S D Arvind has composed the film's background score and the soundtrack.

===Track listing===

| No. | Title | Lyrics | Singer(s) | Length |
|---|---|---|---|---|
| 1. | "Doori Doori" | Dr. K. Y. Narayanaswamy | Chintan Vikas, Sujatha Iyer |  |
| 2. | "Ready to Go" | Dr. K. Y. Narayanaswamy | Vikas Navale, S. P. Mahesha, Sujatha Iyer, Meghana Ommen |  |
| 3. | "Kandiddu Ulidilla" | Dr. K. Y. Narayanaswamy | Murali Ramanathan |  |
| 4. | "Doori (Theatrical)" | Dr. K. Y. Narayanaswamy | Chintan Vikas, Sujatha Iyer |  |
| 5. | "Doori (Lullaby)" | Dr.
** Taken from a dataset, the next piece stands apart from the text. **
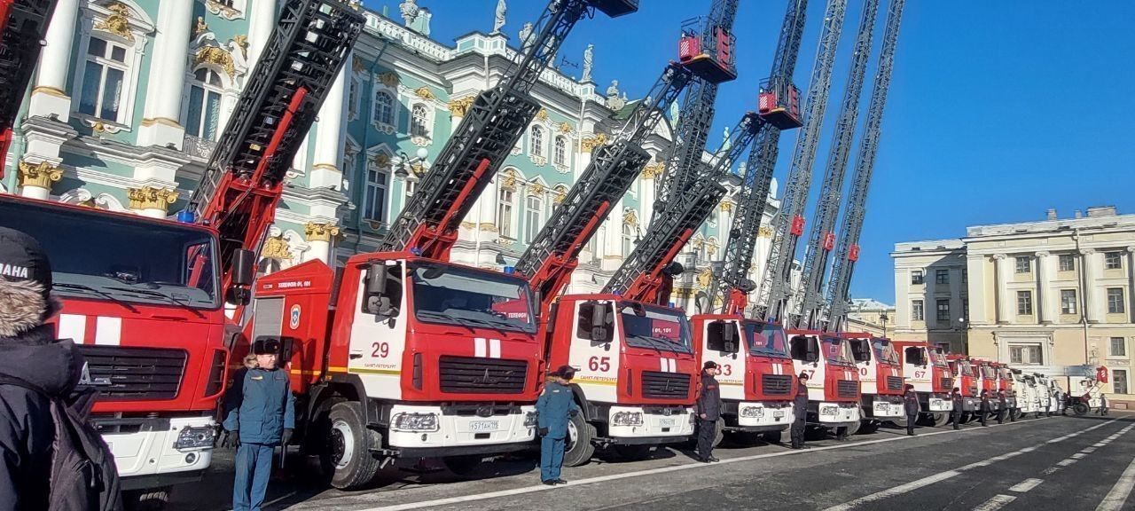 На Дворцовой площади состоялось вручение пожарно-спасательному гарнизону Санкт-Петербурга новых образцов пожарно-спасательной техники.

K. Y. Narayanaswamy | Latha Jahangirdar |  |
| 6. | "In Search of Mystic Land – Devaramane" |  | Instrumental |  |
| 7. | "The Haunted House" |  | Instrumental |  |
| 8. | "Last Bus Mashup" |  | DJ Neal Nash |  |
| 9. | "The Road Less Travelled (Theme)" |  | Instrumental |  |

== Reception ==
=== Critical response ===

Sunayana Suresh of The Times of India scored the film at 3.5 out of 5 stars and says "If over-the-top comedy or action and ready-to-eat masala films aren't your staple diet and you yearn for films that challenge you as a viewer, this one deserves a watch." Vijaya Karnataka scored the film at 3.5 out of 5 stars and says "KYN songs written with lines that have no face for darkness, no light for back, Graphic creations are enjoyable, except for falling trees. One of the most recent experimental films is the Last Bus."